Data supplied:
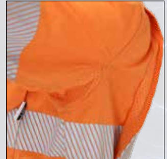
BACK AND UNDERARM VENTING
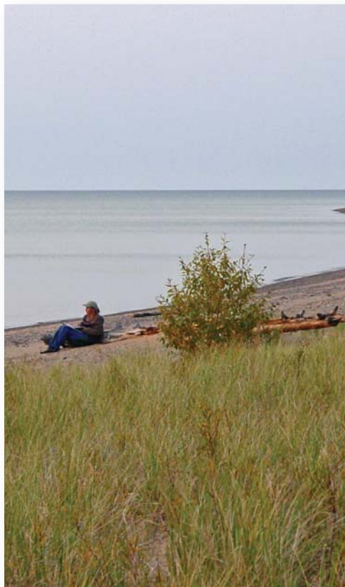
Relaxing on Outer Island

Option 1: NPS managers would continue existing management priorities, striving to maintain current resource conditions and visitor experience opportunities to the extent possible. Assuming funding levels are maintained, there would be no significant changes in visitor uses or facilities. There would continue to be a mixture of scattered and clustered designated campsites and zoned (undesignated) camping.
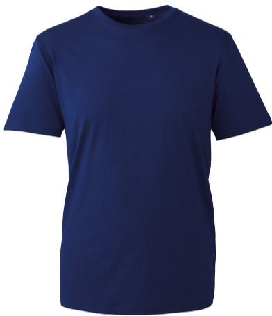
NAVY PAN 533C
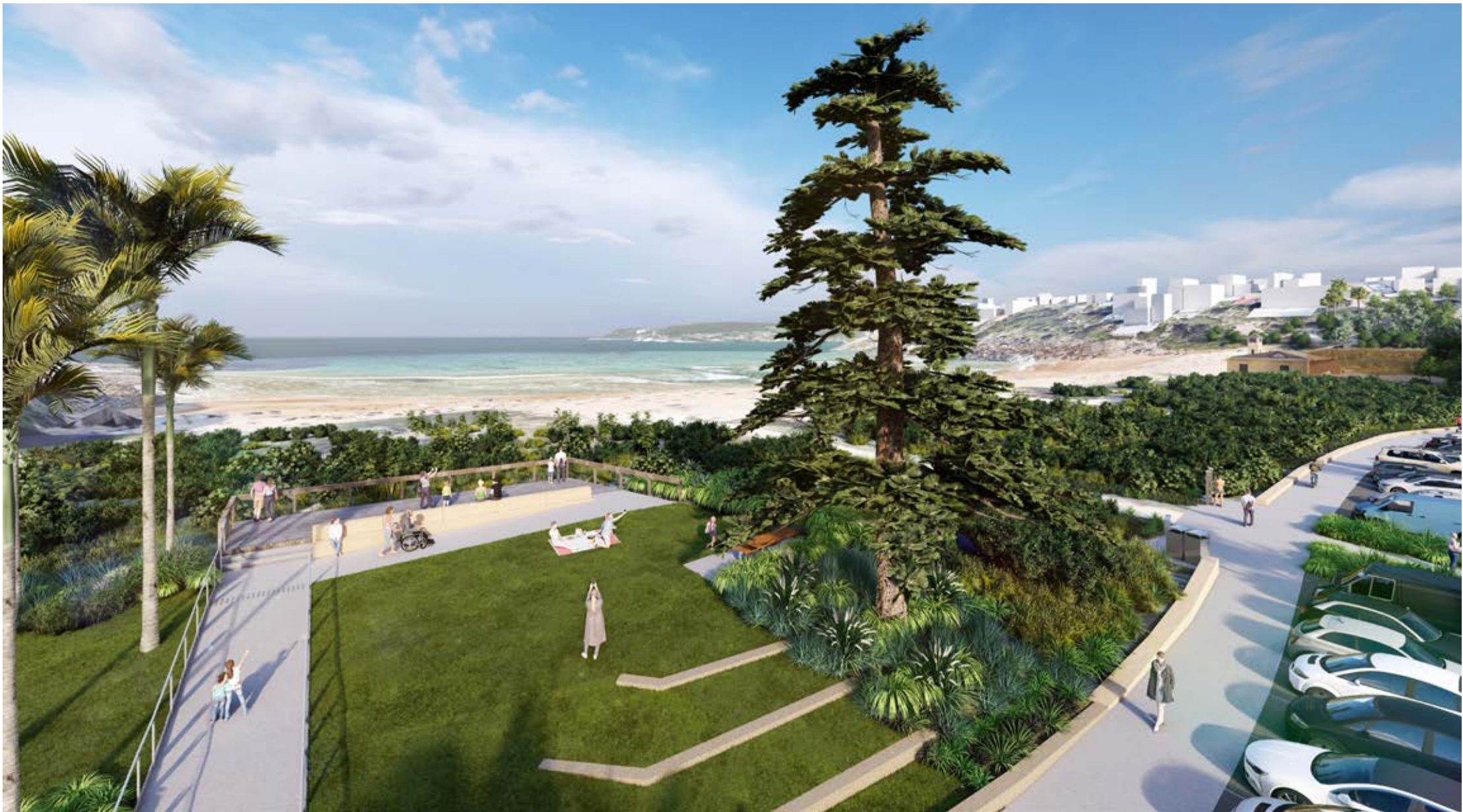
View B: Lookout birdseye view

Your instructions: Since the pictures don't belong in the copy, copy only the rest of the entries above exactly.

Written reply:
BACK AND UNDERARM VENTING
Relaxing on Outer Island

Option 1: NPS managers would continue existing management priorities, striving to maintain current resource conditions and visitor experience opportunities to the extent possible. Assuming funding levels are maintained, there would be no significant changes in visitor uses or facilities. There would continue to be a mixture of scattered and clustered designated campsites and zoned (undesignated) camping.
NAVY PAN 533C
View B: Lookout birdseye view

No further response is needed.